Your copy should repeat each record exactly and contain none of the pictures.
------------------------
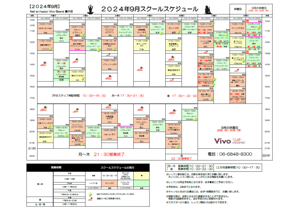 9月のレッスンスケジュールのご案内★
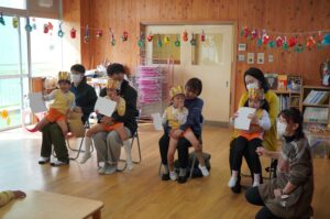 来園の保護者さんと一緒に、誕生月園児への質問コーナーや
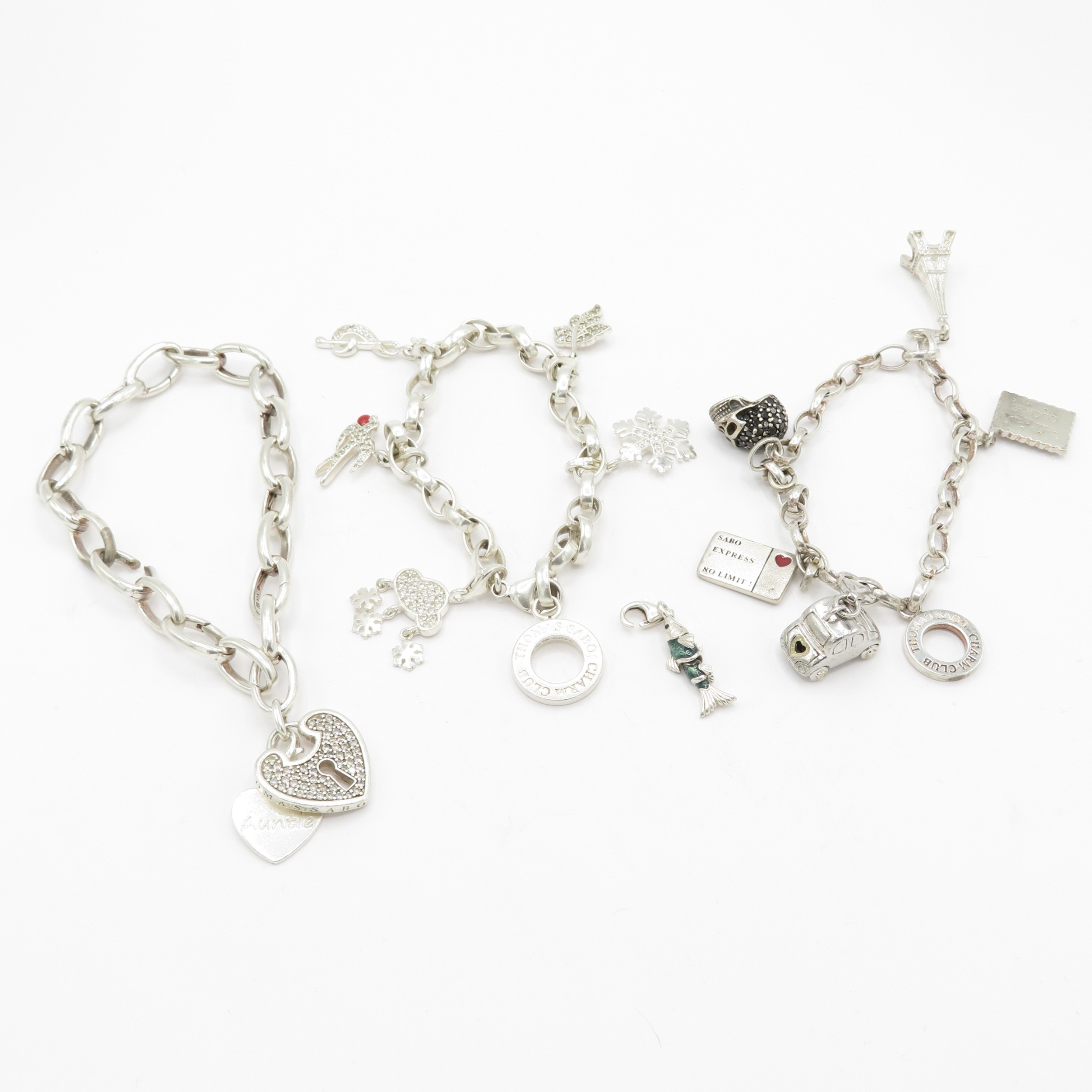 3 x Sterling Silver Thomas Sabo Bracelets inc Skull, Fish and Snowflake - 79.6g
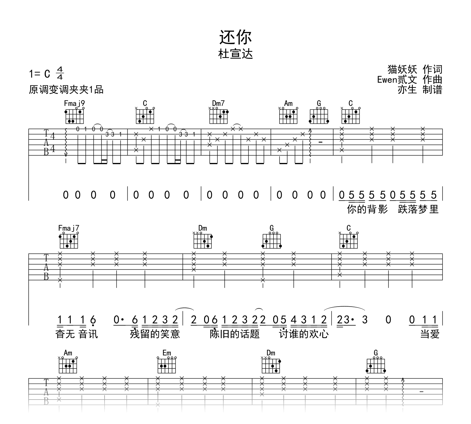 《杜宣达《还你吉他谱》(C调)》内容来自于互联网,不能保证内容的准确性与完整性,仅供学习交流欣赏,请勿用于其它用途,内容版权归原作者及来源网站所有,如有侵犯到您的权益请来信告知,我们将及时删除。
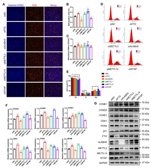 Figure 3. Knockdown of m6A methylase genes regulates bovine myoblast proliferation. The bovine myoblasts were transfected with siNC or siRNAs (siFTO, siALKBH5, siMETTL3, siMETTL14 or siWTAP) for 48 h. (A) The proliferation of myoblasts was detected by EdU (red) staining (scale bar: 200 μm). Nuclei were stained with Hoechst 33342 (blue). (B) The percentage of EdU-positive cells in (A) was calculated. For each group, three random microscopic fields were selected randomly. (C) CCK-8 assays detected the absorbance value at 450 nm to indicate the cell proliferation index. (D,E) Flow cytometry detected and analyzed the different phases of the cell cycle. (F) RT-qPCR was performed to detect the relative mRNA expression of cell cycle factors, including CCNA2, CCNB1, CCNE1, CDK1, PCNA and MCM6. GAPDH was the normalization control. (G) Western blot assays demonstrating the expression levels of CCNB1, CCND1, CCNE1, CDK1, PCNA, p21, FTO, ALKBH5, METTL3, METTL14, WTAP and GAPDH proteins in different treated cells. (B,C,E,F) Results are presented as the means ± SDs from three independent experiments. Using Student’s t test, * p < 0.05, ** p < 0.01, *** p < 0.001 and ns = no significance.
------------------------
**Task result**
 9月のレッスンスケジュールのご案内★
 来園の保護者さんと一緒に、誕生月園児への質問コーナーや
 3 x Sterling Silver Thomas Sabo Bracelets inc Skull, Fish and Snowflake - 79.6g
 《杜宣达《还你吉他谱》(C调)》内容来自于互联网,不能保证内容的准确性与完整性,仅供学习交流欣赏,请勿用于其它用途,内容版权归原作者及来源网站所有,如有侵犯到您的权益请来信告知,我们将及时删除。
 Figure 3. Knockdown of m6A methylase genes regulates bovine myoblast proliferation. The bovine myoblasts were transfected with siNC or siRNAs (siFTO, siALKBH5, siMETTL3, siMETTL14 or siWTAP) for 48 h. (A) The proliferation of myoblasts was detected by EdU (red) staining (scale bar: 200 μm). Nuclei were stained with Hoechst 33342 (blue). (B) The percentage of EdU-positive cells in (A) was calculated. For each group, three random microscopic fields were selected randomly. (C) CCK-8 assays detected the absorbance value at 450 nm to indicate the cell proliferation index. (D,E) Flow cytometry detected and analyzed the different phases of the cell cycle. (F) RT-qPCR was performed to detect the relative mRNA expression of cell cycle factors, including CCNA2, CCNB1, CCNE1, CDK1, PCNA and MCM6. GAPDH was the normalization control. (G) Western blot assays demonstrating the expression levels of CCNB1, CCND1, CCNE1, CDK1, PCNA, p21, FTO, ALKBH5, METTL3, METTL14, WTAP and GAPDH proteins in different treated cells. (B,C,E,F) Results are presented as the means ± SDs from three independent experiments. Using Student’s t test, * p < 0.05, ** p < 0.01, *** p < 0.001 and ns = no significance.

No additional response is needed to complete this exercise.